--- START ---

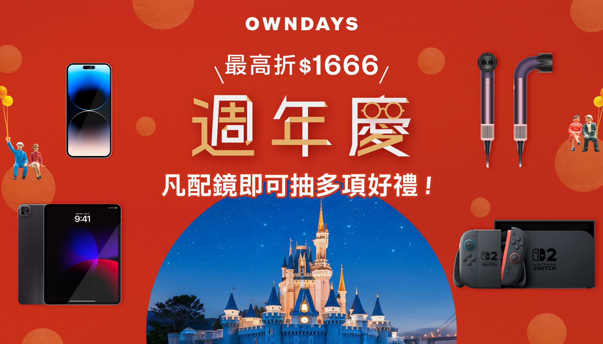 此篇文章最開始出處為: 搶便宜趁現在!OWNDAYS週年慶四重優惠同步開跑 豪禮加碼再抽東京迪士尼夢幻雙人遊等多項大禮
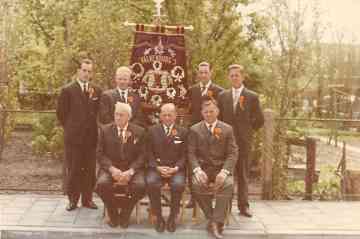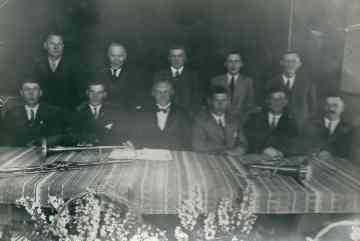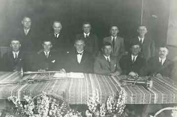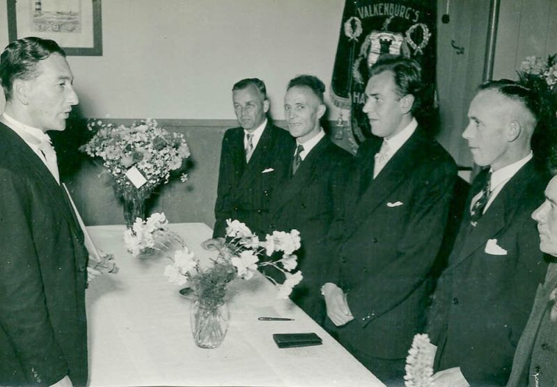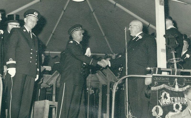 Links: Burgemeester van der Harst, rechts het bestuur van de 50-jarige harmonie
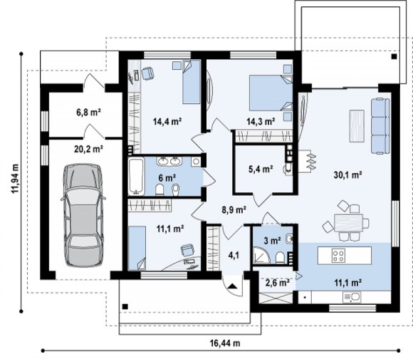 Be the first to review “Типовой проект одноэтажного дома с гаражом Z131”
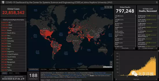 據美國約翰斯·霍普金斯大學最新疫情統計數據,截至北京時間今晨8時27分,全球累計新冠確診病例超過2285萬例,達22858342例;累計死亡病例近80萬例,達797248例。

--- END ---

Could you print the listing above exactly, without the pictures?

Response box:
 此篇文章最開始出處為: 搶便宜趁現在!OWNDAYS週年慶四重優惠同步開跑 豪禮加碼再抽東京迪士尼夢幻雙人遊等多項大禮
 Links: Burgemeester van der Harst, rechts het bestuur van de 50-jarige harmonie
 Be the first to review “Типовой проект одноэтажного дома с гаражом Z131”
 據美國約翰斯·霍普金斯大學最新疫情統計數據,截至北京時間今晨8時27分,全球累計新冠確診病例超過2285萬例,達22858342例;累計死亡病例近80萬例,達797248例。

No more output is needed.